Sunday, 7 March 2010

Has the DPA registration fee, like the dog licence, had its day?

We have a new ICO.
It has a fresh mandate.
And a fresh logo. Out with the old. In with the new.
But what will really change?

The new ICO has a new mission, and a series of challenges it has set itself. By 2012 it is to be:

• More committed
• More joined up
• Better integrated
• More focussed
• On the ball
• Alert to the needs of its stakeholders
• World class

It makes you wonder what the previous Information Commissioner, Richard Thomas, was doing all that time then, if this is to be the new focus of the Office. But how will it do this when it has to exist solely on the income it derives from DPA registration fees? It’s not immediately clear how great the additional revenue will be from the larger controllers, who now pay £500 a year. But equally it’s not immediately clear what damage the economic recession has done to the great majority of businesses, or start ups, whose finances are stretched and who may overlook a £35 fee. That’s less than the price of a decent seat to watch a home match featuring Arsenal Football Club. In fact, unless you are a senior citizen or a Junior Gunner, that’s less than the price of any seat for a Category A match at the Emirates Stadium.

So, who will value something that costs just £35 to register for? I’m just about old enough to remember dog licenses, which were abolished in 1987, at which time it stood at it 37½p and was held by only around half of dog owners. The system fell into disrepute as no one could really be bothered to enforce the law. Apparently, the Dogs (Northern Ireland) Order 1983 continues to provide for a licence system in Northern Ireland, because it was felt that there was a greater problem of stray dogs and sheep worrying. But as I don’t visit Northern Ireland very often, I’m really not sure whether its enforcement is currently considered a priority – or whether anyone actually bothers to license their dogs anyway.

Perhaps one of the greatest services performed for the ICO were the old registration scams, where various companies would set up and advertise the requirement to register – and offer a registration “consultancy service” to help people fill in the registration forms – at a significant fee, of course. They probably charged far more than the £35 registration fee for their assistance – but it must have been useful for the teams in Wilmslow to receive boxes of these registration papers, as that would have generated a very healthy income stream. Where is the income stream now, as regulatory action against these “consultancy services” (or cons) has stemmed the flow of new business.

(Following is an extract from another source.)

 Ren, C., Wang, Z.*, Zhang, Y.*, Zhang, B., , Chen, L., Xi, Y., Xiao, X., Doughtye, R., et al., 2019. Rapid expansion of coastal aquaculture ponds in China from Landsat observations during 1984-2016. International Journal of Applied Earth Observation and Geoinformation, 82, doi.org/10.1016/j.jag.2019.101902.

Do I see ICO registration campaigns anywhere, like the TV license fee detection campaigns? Do I see ICO detection vans driving around the country, with its antenna sniffing out unregistered data controllers? I do not.

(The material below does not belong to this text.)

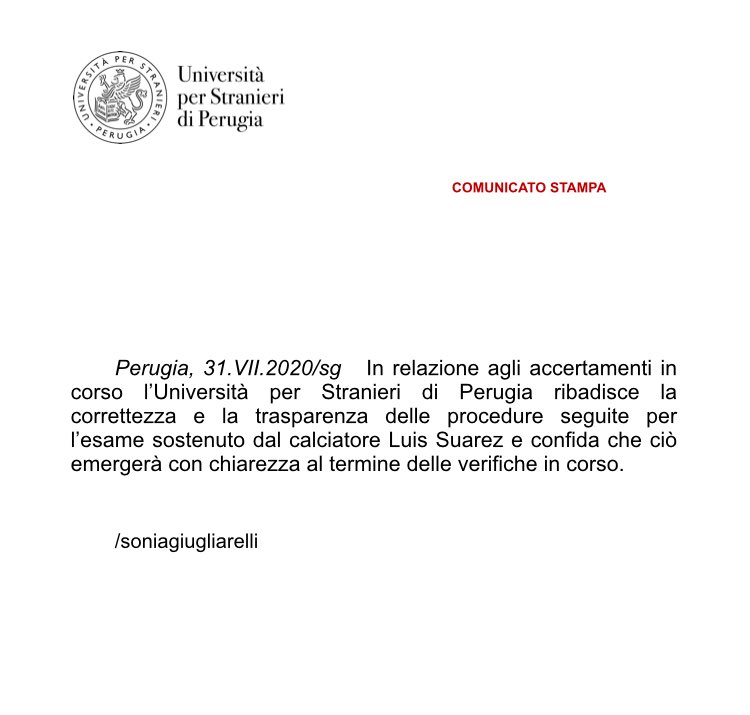 Suarez, il comunicato dell’Università per Stranieri di Perugia: “Esame svolto in correttezza e trasparenza”

So how will the ICO manage to deliver on its new mission then? Its new fining powers will simply fill Treasury coffers, as unlike the Spanish Data Protection authority, they won’t get to keep any of the money they manage to get from the miscreants. These hard economic times will continue to reduce the flow of start up companies, and so I suppose the ICO is only left with planting media stories about the horrific consequences of the failure to register. I can’t see it featuring as a main storyline on Eastenders or Coronation Street, though.

The battle lines will be drawn. Will the ICO win through, by publicising the existence of the requirement, and persuading the relevant parties to part with their £35 each year, or will it go the same way as the dog license?

Or will the demise of the registration scheme lead a cunning plan for funding the ICO which will be as clumsy as the Dangerous Dogs Act, which was introduced in 1991, just 4 years after the abolition of registration? Registration didn’t address the problem of dangerous dogs. Nor did the Dangerous Dogs Act, for that matter.

If data controllers are to truly value the ICO, I would presume that it would greatly help if the registration fees they will be expected to pay will at least exceed the administrative costs of dealing with an annual demand for £35.

If I were the relevant bod at the Ministry of Justice, I would recommend that the standard fee be raised to £50 with immediate effect. The fee has remained constant since 1998. Unlike any other bill I have to pay. Otherwise, I do fear it will suffer the same fate as the dog licence did.